For the US, this means providing an estimated annual increase of $450 million per year for our bilateral HIV programs for the next 4 years. These programs have been flat-funded since 2011, resulting in decreased expansion of critical lifesaving programming. To make this happen, we need visionary leadership in the White House that is committed to ending AIDS.

So how do the candidates stack up on the global AIDS response?

To date, none of the republican candidates have presented a plan for ending AIDS. In fact, none of them bothered to answer the two surveys about AIDS that have been sent to them from leading HIV/AIDS organizations. Republicans have long been champions of the global AIDS response - President George W. Bush started PEPFAR, the U.S.-funded global AIDS program, and global AIDS efforts have long had bipartisan support. This partisan stonewalling of HIV is not typical, and it is absolutely egregious.

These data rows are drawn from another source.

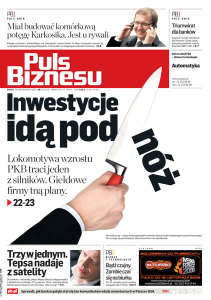 Realna gospodarka zaczyna odczuwać kryzys, kilka spółek giełdowych zweryfikowało w dół plany inwestycyjne na ten i na przyszły rok; TP SA trafia z potrójną ofertą pod strzechy 9 mln domostw; jest projekt rządowego wsparcia dla instytucji finansowych; zagraniczne plany KGHM przybierają konkretny kształt.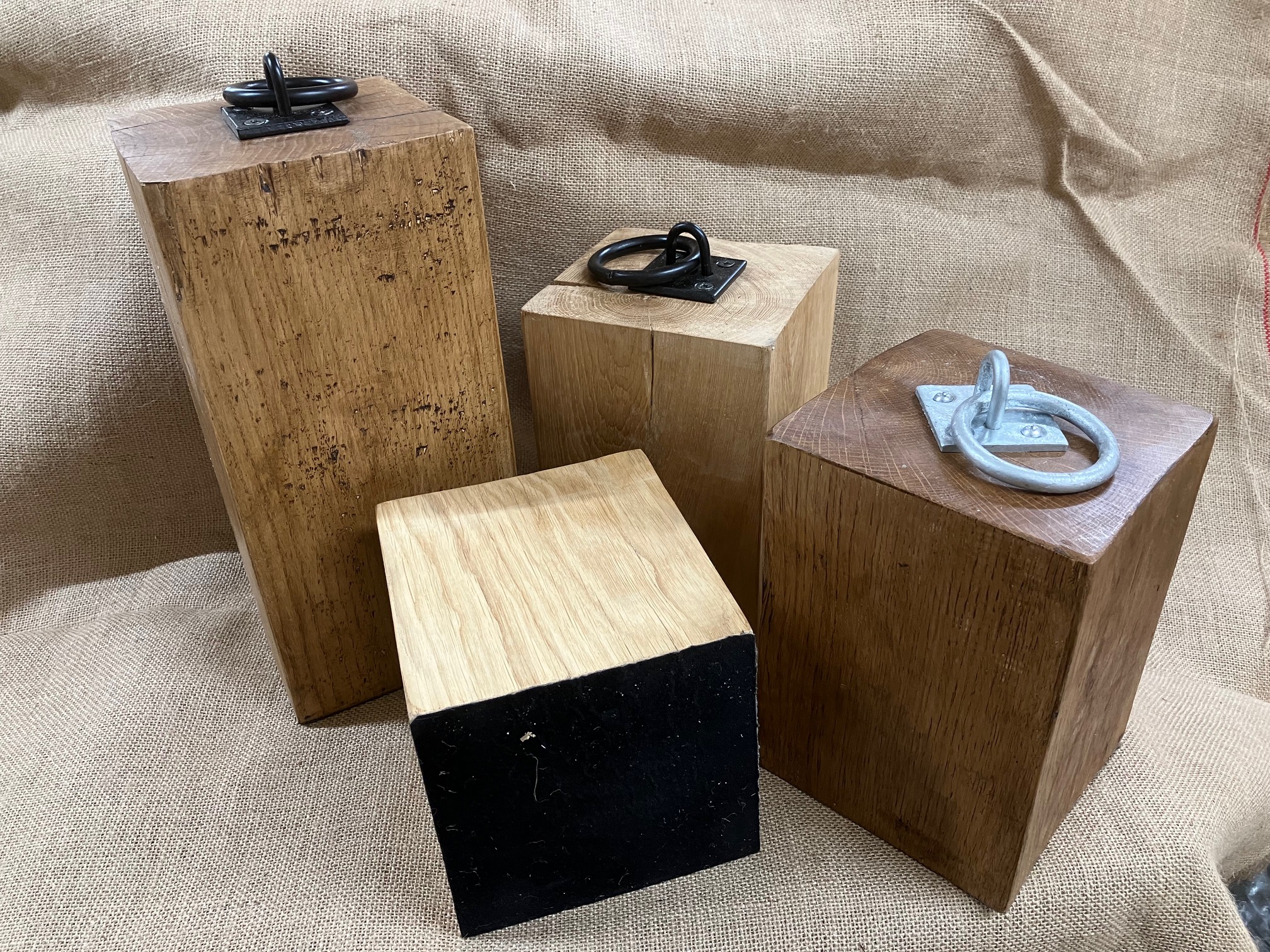 chunky solid oak door stops with hoop handle. These are solid oak aprox. 150 cm x 150 cm starting at 20cm tall ranging to 30cm tall as standard, taller door stops can be made on request. 20cm tall door stops are £25.00 taller 30cm £30.00. Choice of two finishes either natural wax finish (oak) or dark wax finish. When ordering please state size required and colour finish.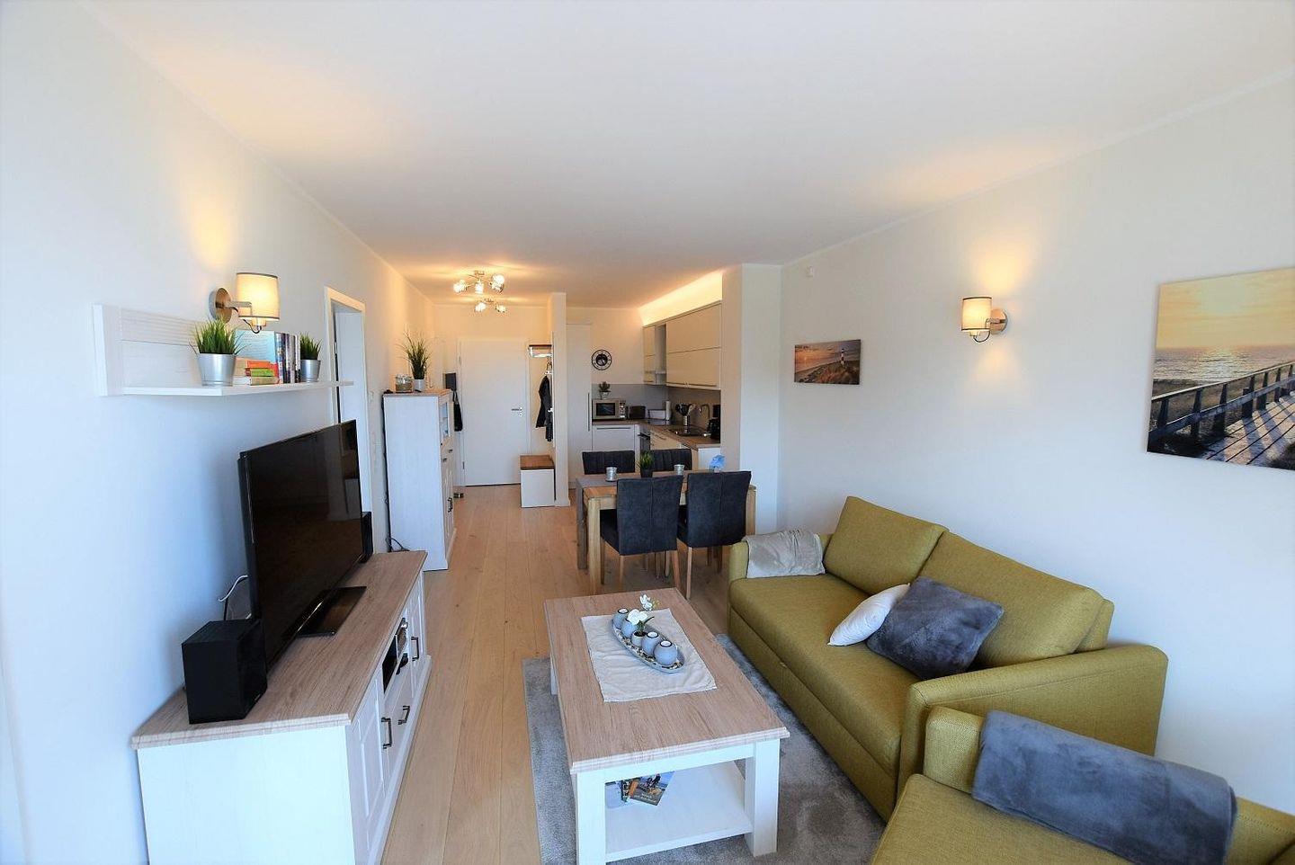 Das große Sofa, sowie zwei Flachbild-TV laden hier zum Verweilen ein. Das Sofa kann bei Bedarf ausgezogen werden und bietet Platz für bis zu zwei Gäste.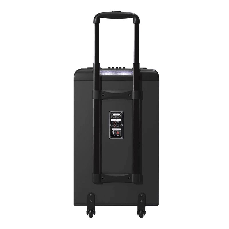 بدنه مقاوم، طراحی چمدانی با دستگیره جمعشونده و چرخهای روان باعث میشود بدون زحمت اسپیکر را حمل کنید. نمایشگر دیجیتال و نورپردازی RGB جذاب، حس حرفهای و مدرن به محصول میدهد و محیط مهمانی را کاملاً زنده میکند.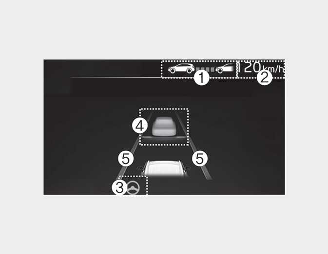 고속도로 주행보조의 상태를 보기 위해서는 계기판을 주행 보조 모드로 설정하십시오. 계기판을 주행 보조 모드로 설정하기 위한 자세한 내용은 계기판의 내용을 참고하십시오.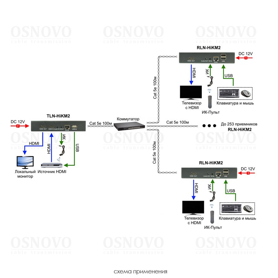 Дополнительный приёмник для комплекта TLN-HiKM2+RLN--HiKM2. Позволяет использовать режим Multicast для передачи HDMI по сети Ethernet с одного источника на множество мониторов (до 253). Разрешение до 1920x1080(60Гц), 36бит. Стандарт видеосжатия H.264(AVC). Поддержка HDMI 1.3, HDCP 1.2. Вх. -USB(A)x2/RJ45/TRS3.5мм(ИК)/Роз.2,1х5мм(DC12V). Вых. - TRS3,5мм(Audio OUT/неактивен)/TGR(RS232/неактивен)/HDMI(A). В комплекте БП DC12V(1А) - 1шт, ИК приёмник. Размеры (ШxВxГ): 150x30x64мм. Вес:0,3 кг. Рабочая температура -15…+55°С.

Currently, Hillary Clinton has a minimal commitment to HIV in her LGBT policy plan, which is focused entirely on the domestic epidemic. The day after her remarks on the Reagans, she published a more involved apology in which she stated, "We should increase global funding for HIV and AIDS prevention and treatment," falling short of making a solid promise. Clinton also belatedly responded to a survey from AIDS advocacy organizations in the United States that Sanders had already responded to. You can read Clinton's and Sanders' full answers here. When asked, "will you commit to ensuring the necessary funding to double the number of people directly supported by the U.S. on life-saving HIV medicine by 2020?", Secretary Clinton talked at length on her record, but did not address the 11% drop in PEPFAR funding that occurred when she was Secretary of State, and failed to actually make a campaign promise.

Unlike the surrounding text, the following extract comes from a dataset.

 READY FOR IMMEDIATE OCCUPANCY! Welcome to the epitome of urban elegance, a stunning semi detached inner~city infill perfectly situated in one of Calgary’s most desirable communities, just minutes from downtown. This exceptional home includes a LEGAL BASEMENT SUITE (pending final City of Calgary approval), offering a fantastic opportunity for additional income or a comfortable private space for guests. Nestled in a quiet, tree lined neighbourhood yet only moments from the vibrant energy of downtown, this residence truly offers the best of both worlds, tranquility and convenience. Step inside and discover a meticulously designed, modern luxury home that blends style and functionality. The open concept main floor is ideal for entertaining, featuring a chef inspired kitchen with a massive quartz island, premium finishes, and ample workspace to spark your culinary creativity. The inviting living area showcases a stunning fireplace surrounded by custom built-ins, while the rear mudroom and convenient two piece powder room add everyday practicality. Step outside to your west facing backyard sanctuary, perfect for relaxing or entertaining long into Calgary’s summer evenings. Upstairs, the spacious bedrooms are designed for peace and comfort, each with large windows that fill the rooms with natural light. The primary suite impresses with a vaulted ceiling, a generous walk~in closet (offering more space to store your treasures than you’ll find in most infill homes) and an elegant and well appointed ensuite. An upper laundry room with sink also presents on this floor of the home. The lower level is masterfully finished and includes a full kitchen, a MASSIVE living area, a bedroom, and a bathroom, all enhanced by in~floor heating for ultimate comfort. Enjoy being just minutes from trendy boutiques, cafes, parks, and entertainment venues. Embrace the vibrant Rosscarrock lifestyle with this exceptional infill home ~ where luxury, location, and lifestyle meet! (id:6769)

Concerning access to medicines issues relating to trade and intellectual property rules, Clinton has been silent. Although she has opposed the Trans Pacific Partnership (TPP), she has not cited access to medicines as a reason behind her opposition.

Senator Sanders on the other hand responded to community calls over the weekend to present a plan on AIDS. Among his commitments to the global AIDS response, he officially committed to double the number of people on HIV treatment globally by 2020 by increasing support for the President's Emergency Plan for AIDS Relief (PEPFAR). Sanders also cites his opposition to the TPP as part of his AIDS platform, saying, "a major reason why Bernie is leading the fight against the disastrous Trans-Pacific Partnership (TPP) is because it would significantly increase prices for HIV/AIDS drugs for some of the most desperate people in the world. At a time when prescription drug prices are skyrocketing, the TPP would make a bad situation even worse by granting new monopoly rights to big pharmaceutical companies to deny access to lower cost generic drugs to millions of people."

Right now, Senator Sanders is the only candidate who has offered any sort of vision for ending AIDS in the form of solid campaign commitments. Although Hillary Clinton has a record on global AIDS programs, it is time for her to move past citing her resume and present her plan for the future. And it is long overdue for the republican candidates to do the same.